Cygnus
Here you can find recipes aimed at different usages of Cygnus, in particular, cygnus-ngsi. We assume you are already familiar with it, but if not, refer to the official documentation.
Instructions on how to prepare your environment to test these recipes are given in the Installation section of the docs.
Some Considerations regarding HA
The first thing to note is that when we talk about high availability while using cygnus, we refer to the availability of data processed by cygnus agents before it's dropped to the final storage solution. So, as you can read from the official documentation, different sinks can give you persistence in different storage solutions (mongodb, mysql, hdfs, etc). Keeping the persisted data in HA mode is a different challenge and the implementation will depend on the used solution. For the case of MongoDB, you can have a look at the MongoDB Replicaset Recipe. So, this recipes will show you how to connect to some backends, but how you manage them is up to you.

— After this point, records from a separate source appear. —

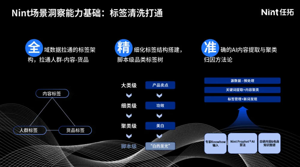 任拓在内容域、电商侧都有很强的数据能力,也有精细化标签的能力。标签作为打通内容到电商的中间介质,已成为内容策略校准的重要手段。它不仅是一个关键字,而是精准的洞察性的内容。识别场景机会点,再去挖掘场景下具体的消费需求,任拓通过内容标签的拆解去解码人群、卖点、痛点,为品牌破局提供了更明确的方向。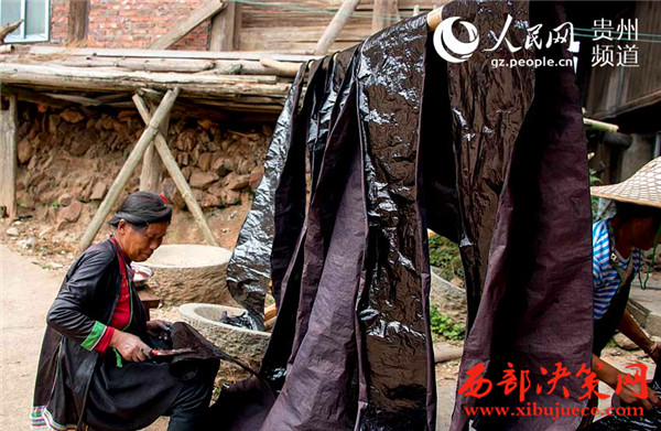 獨特文化:苗族婦女制“亮布”涂上蛋清做新衣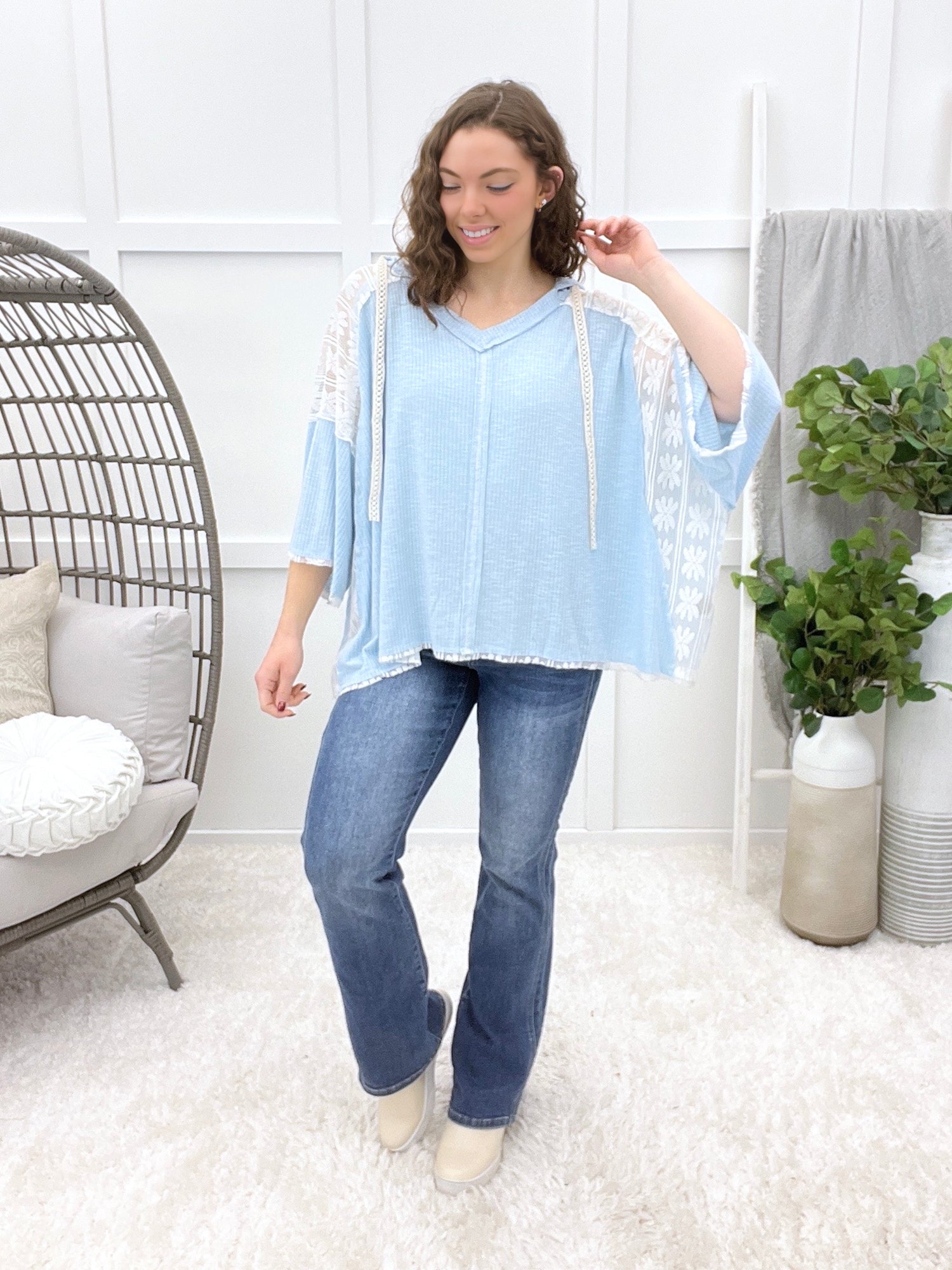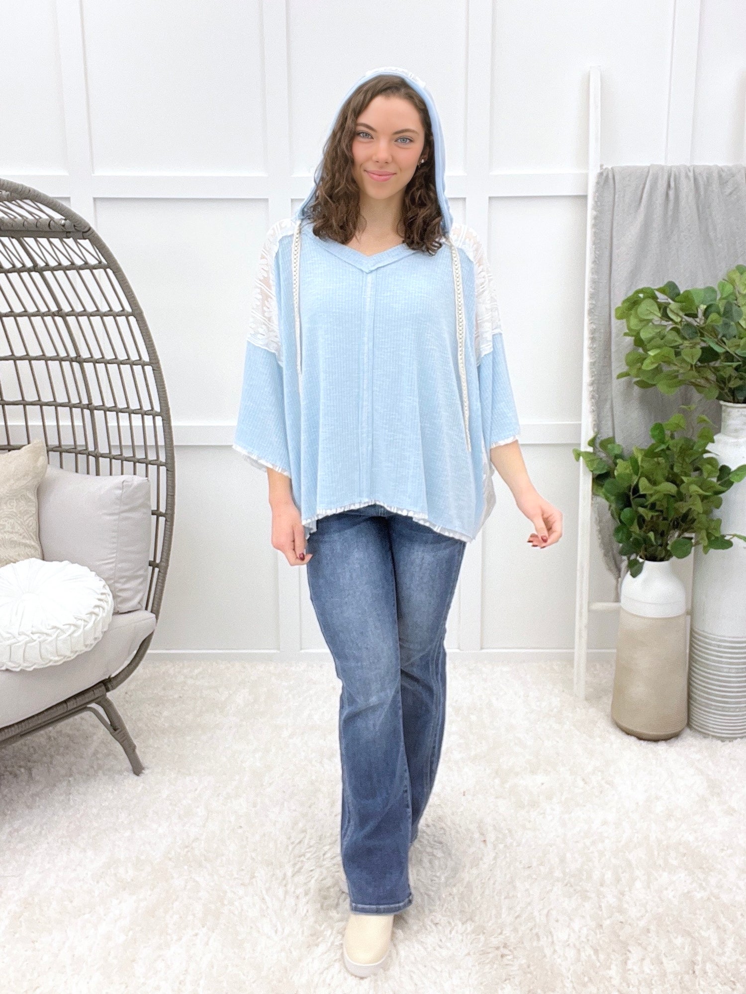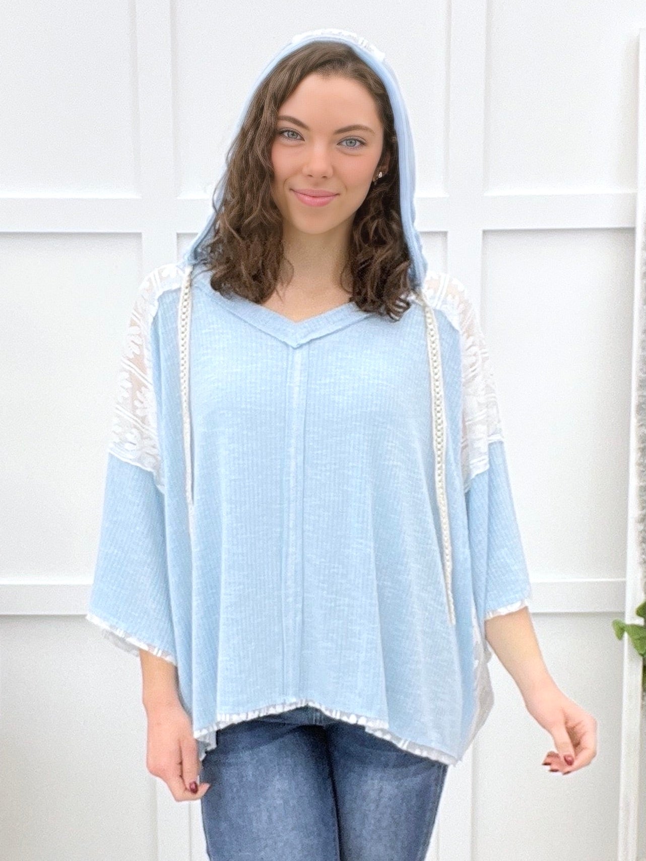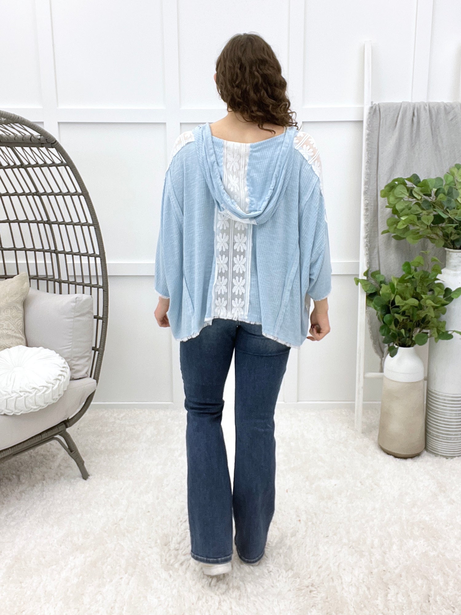 Stay effortlessly cool in this V-neck short sleeve airy hoodie top, designed for easygoing comfort with a relaxed fit. Ribbed fabric, lace patch details, and vintage-washed edges give it that perfectly lived-in look, while outseam stitching and panel accents add extra character. Pair it with jeans, joggers, or shorts for a laid-back, everyday vibe that still feels uniquely styled.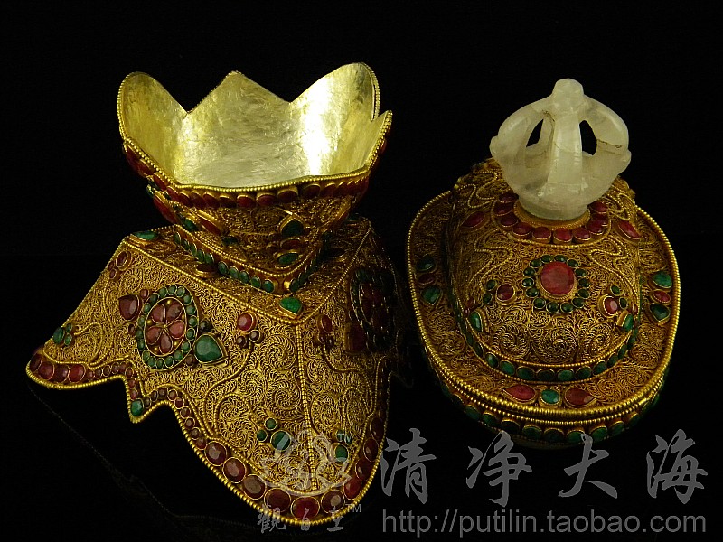 颅器为西藏密宗修法时,常见的法器之一,是以人类颅骨所制作的容器,共以人骨制,乃是取其无常之意,藏语称骷髅为“嘎巴拉”,其器身主要部分,由人颅骨造成,边再镶银或镶金。其上有盖,其下有座,座三角形,铸有三个骷髅,满缀代表火焰的花纹。

Moreover, we will be discussing the deployment of the agent as a single configurable entity. But note that within an agent, there exist multiple available configurations (using single and multiple sources, channels and sinks), as described in Advanced Cygnus Architectures. How you setup those internal advanced architectures and the advantages of each will not be covered here, since this is already discussed in the official documentation.
That being said, in order to deploy Cygnus, we need to understand whether it's a stateless or stateful service. It turns out that source and sink parts of the agent do not persist data, however, the channels do, at least for a short period of time until data is processed and taken out of the channel by the sink[s]. As you can read from Cygnus and Flume's documentation, channels come in the form of MemoryChannel and FileChannel.
It's easy to see that MemoryChannel and Batching has a potential for data loss, for example, in the case when an agent crashes before events were taken out of the channel. In fact, to avoid storage access for each event, Cygnus comes with default values of batch size and batch flush timeouts. As a side note, it'd be nice if this could be dynamically changed according to dynamic demands, but this is an interesting point to investigate at a later point.
Therefore, the FileChannel could be used, at the cost of a higher latency, to give persistence to the "inflight data" and this way prevent a complete loss if there happens to be a software failure/crash at the agent. Note however that the location of this file within the container and not customizable, hence a container crash will cause those un-flushed values to be lost.
One could explore ways to persist those channels somewhere else, or share channels across different containers. Or maybe looking for Message-based solutions such as Solace to be used at the Channel level. But this of course, would involve some updates to Cygnus which are beyond the scope of this project.